Les journalistes médecins qui ont réalisé en 1998 un premier palmarès des hôpitaux pour le magazine « Sciences et Avenir » ont-ils violé le code de déontologie médicale ? Il appartient au Conseil national de l'Ordre des médecins, qui vient d'entendre différents points de vue sur cette question, de trancher.
Sa décision mettra un point final à une procédure déclenchée il y a un peu plus de trois ans par un médecin dont l'hôpital avait été classé par « Sciences et Avenir » parmi les « moins performants » en matière de chirurgie intestinale. Ce médecin avait estimé alors que ceux des journalistes de « Sciences et Avenir » qui étaient aussi médecins n'avaient pas respecté, en élaborant leur palmarès, les articles 3 (relatif à la moralité), 13 (information), 31 (déconsidération de la profession) et 56 (confraternité) du code de déontologie. Portant plainte devant l'ordre départemental de Paris, où sont inscrits à la rubrique médecins non praticiens les deux journalistes en cause, il avait obtenu l'appui de cette instance avant que l'affaire fût jugée par le conseil régional d'Ile-de-France.

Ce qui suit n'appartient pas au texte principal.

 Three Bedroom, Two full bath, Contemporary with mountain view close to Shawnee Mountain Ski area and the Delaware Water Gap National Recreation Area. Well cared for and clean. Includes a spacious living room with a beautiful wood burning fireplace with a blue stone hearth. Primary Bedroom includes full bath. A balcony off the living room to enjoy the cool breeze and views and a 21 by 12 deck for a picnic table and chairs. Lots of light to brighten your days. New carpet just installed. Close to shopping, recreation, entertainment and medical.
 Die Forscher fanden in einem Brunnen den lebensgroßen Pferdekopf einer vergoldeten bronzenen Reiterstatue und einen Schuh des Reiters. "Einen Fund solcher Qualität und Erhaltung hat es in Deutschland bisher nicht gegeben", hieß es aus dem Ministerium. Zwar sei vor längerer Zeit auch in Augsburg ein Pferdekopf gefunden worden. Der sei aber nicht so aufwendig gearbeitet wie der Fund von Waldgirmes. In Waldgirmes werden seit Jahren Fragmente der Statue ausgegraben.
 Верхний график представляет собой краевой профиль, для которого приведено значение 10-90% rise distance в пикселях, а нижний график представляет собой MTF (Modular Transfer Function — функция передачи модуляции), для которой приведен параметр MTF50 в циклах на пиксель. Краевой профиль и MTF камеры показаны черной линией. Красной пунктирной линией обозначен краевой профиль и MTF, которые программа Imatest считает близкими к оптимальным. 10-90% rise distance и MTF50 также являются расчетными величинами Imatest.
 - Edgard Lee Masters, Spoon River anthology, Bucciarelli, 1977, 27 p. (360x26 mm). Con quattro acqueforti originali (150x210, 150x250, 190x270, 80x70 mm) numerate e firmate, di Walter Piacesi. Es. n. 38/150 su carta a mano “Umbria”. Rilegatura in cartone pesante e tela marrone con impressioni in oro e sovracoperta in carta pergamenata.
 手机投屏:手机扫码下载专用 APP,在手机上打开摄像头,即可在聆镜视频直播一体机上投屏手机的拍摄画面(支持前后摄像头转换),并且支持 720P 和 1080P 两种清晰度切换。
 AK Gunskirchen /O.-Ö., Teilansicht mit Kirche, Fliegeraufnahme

En s'associant à la plainte, l'ordre départemental n'avait retenu que les contraventions aux articles 13 et 31. Et en mai 2000, le conseil régional lui avait donné raison : un « avertissement » avait été adressé aux deux journalistes. L'Ordre jugeait que, effectivement, ils n'avaient pas fait état « que de données confirmées », ni « fait preuve de prudence », pas plus qu'ils n'avaient eu « le souci des répercussions de (leurs) propos auprès du public » (article 13). Il estimait qu'ils avaient bel et bien contrevenu à la règle qui veut que « tout médecin doit s'abstenir, même en dehors de l'exercice de sa profession, de tout acte de nature à déconsidérer celle-ci » (article 31).

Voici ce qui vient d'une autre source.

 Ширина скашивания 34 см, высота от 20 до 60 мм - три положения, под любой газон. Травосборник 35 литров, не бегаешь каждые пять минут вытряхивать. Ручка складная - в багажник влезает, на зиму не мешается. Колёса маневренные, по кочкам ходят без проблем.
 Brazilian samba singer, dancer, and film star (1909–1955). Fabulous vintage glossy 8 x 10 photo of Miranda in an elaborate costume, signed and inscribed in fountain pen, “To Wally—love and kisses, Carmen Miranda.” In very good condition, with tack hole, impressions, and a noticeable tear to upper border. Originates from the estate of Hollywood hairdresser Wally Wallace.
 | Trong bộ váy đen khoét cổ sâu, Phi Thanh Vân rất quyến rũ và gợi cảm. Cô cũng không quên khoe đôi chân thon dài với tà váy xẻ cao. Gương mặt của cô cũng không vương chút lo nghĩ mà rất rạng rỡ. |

A la suite de l'appel des médecins « avertis », l'affaire a été portée, mercredi dernier, devant le Conseil national de l'Ordre. Les deux parties ont une nouvelle fois fait valoir leur point du vue. Pour les plaignants, le palmarès de « Sciences et Avenir » a pu inquiéter le public et nuire à la santé publique. Les journalistes affirment que l'information du public est déontologique et favorise le libre choix du médecin par le patient. Ils défendent aussi la liberté du médecin d'informer à la fois ses confrères et le public sur des défaillances du système sanitaire. L'Ordre tranchera dans un mois.

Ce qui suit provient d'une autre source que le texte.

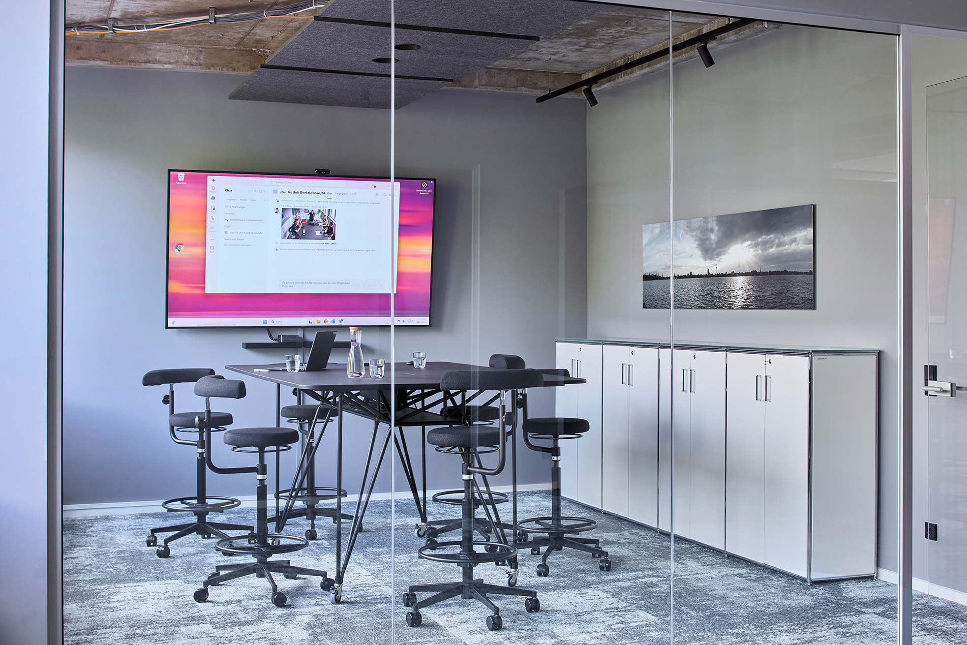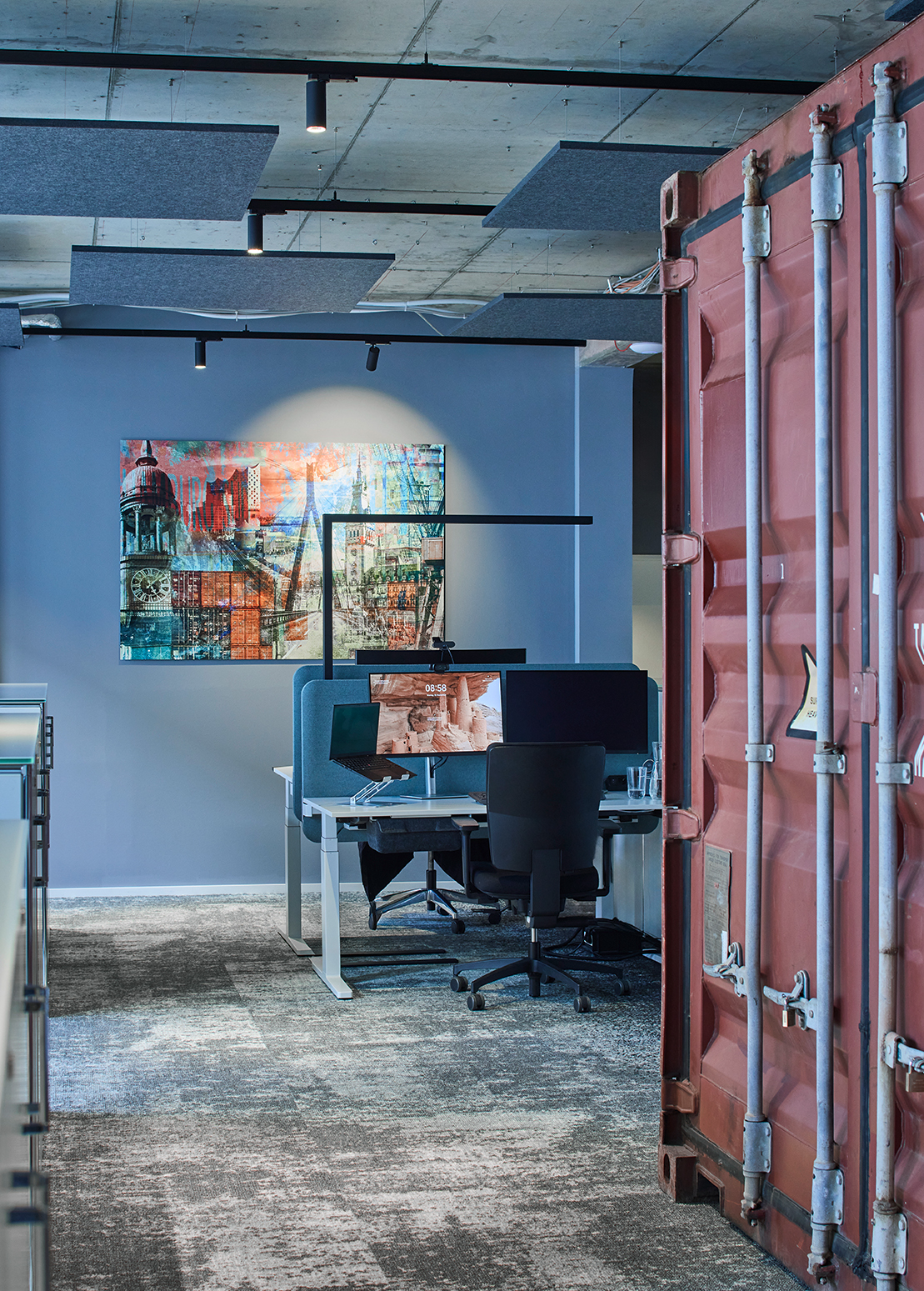 #newwork #handwerktechnikdesign #innenarchitektur #umbau #office #medienagentur #hamburg #officedesign #newwork #teamwork #teppich #cube #Lichtdesign #innenausbau #glaswand #büro

Depuis 1997, l'équipe de « Sciences et Avenir » publie chaque année des palmarès dans différents journaux. Aucune autre plainte n'a été déposée à l'Ordre. En revanche, les titres pour lesquels ils ont travaillé ont été attaqués au civil : en 1997, la première « Liste noire » publiée par « Sciences et Avenir » avait donné lieu à environ cinq plaintes qui n'avaient pas abouti. L'année suivante, une trentaine de chirurgiens cardiaques avaient poursuivi le même journal en diffamation et obtenu gain de cause. L'édition 1999 du palmarès, parue dans « le Figaro Magazine », n'avait occasionné aucune plainte. En revanche, la ville de Château-Thierry a attaqué l'hebdomadaire en 2000, mais le jugement n'a pas encore été rendu.